Escrevi um poema... isto é, penso que escrevi; afinal, o que é um poema... nada.
E agora, olhando o cerne da alma da Rua, concluo que tudo, inclusive um poema, é coisa à toa mesmo, e que as janelas são feitas para aerações de atoices, de poemas, e para a gente contemplar as coisas que acabaram de passar... tantas são as coisas que passam pela Rua! Até um inocente como eu sabe que o passar é próprio da natureza das ruas...

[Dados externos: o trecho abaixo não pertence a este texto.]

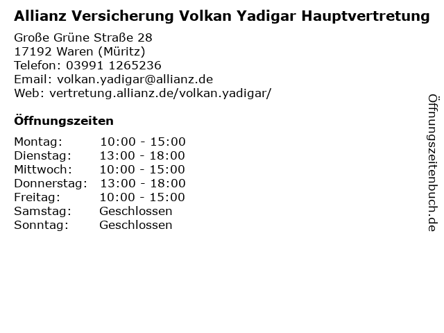 1 Allianz Versicherung Thilo Jung Hauptvertretung (Entfernung: 0,02 km) Große Grüne Straße 1, 17192 Waren (Müritz) 2 Allianz Versicherung Yvonne Fischer Hauptvertretung (Entfernung: 0,25 km) Mühlenstraße 16, 17192 Waren (Müritz) 3 DEVK Versicherungen: Volkan Yadigar (Berater*in ausgeschieden) (Entfernung: 0,73 km) Bahnhofstr. 10, 17192 Waren 4 Allianz Versicherung Maria Barner Hauptvertretung (Entfernung: 16,04 km) Kirchplatz 19, 17207 Röbel/Müritz 5 Allianz Versicherung Michael Appel Hauptvertretung (Entfernung: 16,13 km) Marktplatz 5, 17207 Röbel/Müritz 6 Allianz Versicherung Annett Jenning Hauptvertretung (Entfernung: 17,75 km) Bahnhofstraße 1, 17213 Malchow |

Mas o que eu ia dizendo... O poema já está escrito; abro a janela, e, com as mãos esquecidas uma da outra, mas com alguma esperança, deixo-o cair na rua; vejo o vento levá-lo até ali, depois para lá... vem gente na rua, pisa nele, e sem se deter para ler, chuta para a sarjeta. Logo, mais outra lufada de vento, e o poema vira papel caído na grama; vem o gari, com seu espeto diabólico, e dá a conta final dele.

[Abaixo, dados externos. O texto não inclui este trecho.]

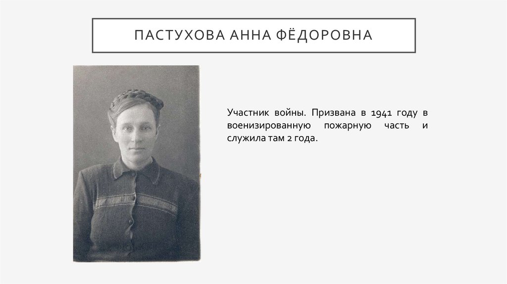 ПАСТУХОВА АННА ФЁДОРОВНАУчастник войны. Призвана в 1941 году в
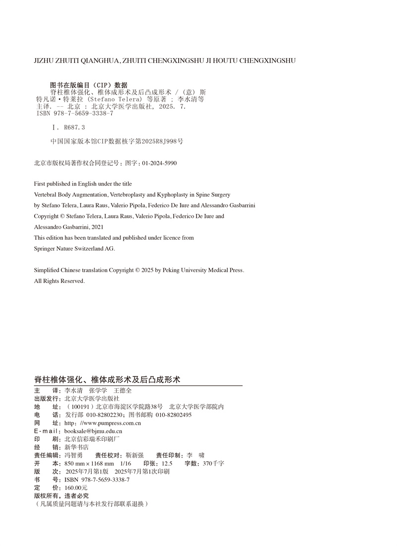 脊柱椎体强化 椎体成形术及后凸成形术 李水清 张学学等译 全面阐述椎体成形术和球囊后凸成形术等椎体强化技术北京大学医学出版社

Antes que isto aconteça, eu pergunto: será que, em vez de alimentar esperanças, eu posso fingir que esqueci o meu poema na porta [da rua] da sua casa? Ou quem sabe, na mesinha de canto do consultório médico onde você vai hoje à tardinha (sei que vai; agora, virou moda ir frequentemente ao médico), ou no caixa eletrônico do Banco? Posso esquecer meu poema com você? Posso esquecer-me de mim, com você? Posso? Não vai chutar-me para a sarjeta da Rua do Esquecimento?
E agora? Se tudo, mas tudo mesmo, até os amores da vida gente, passa pela Rua do Esquecimento, por que o cometimento de um poema? Quem é esse sujeito — o poeta? Por que não o prendem por excesso inutilidade, ou por exagero de flanação? Um reles flaneur, o poeta?!
Sim, eu sei que posso fazer melhor que isto aí... posso sim — mas para quê... A Rua do Esquecimento não merece uma sofisticação em forma de poema! Ou merece? Fundamental é registrar... registrar... registrar o passar da Rua — e nada mais!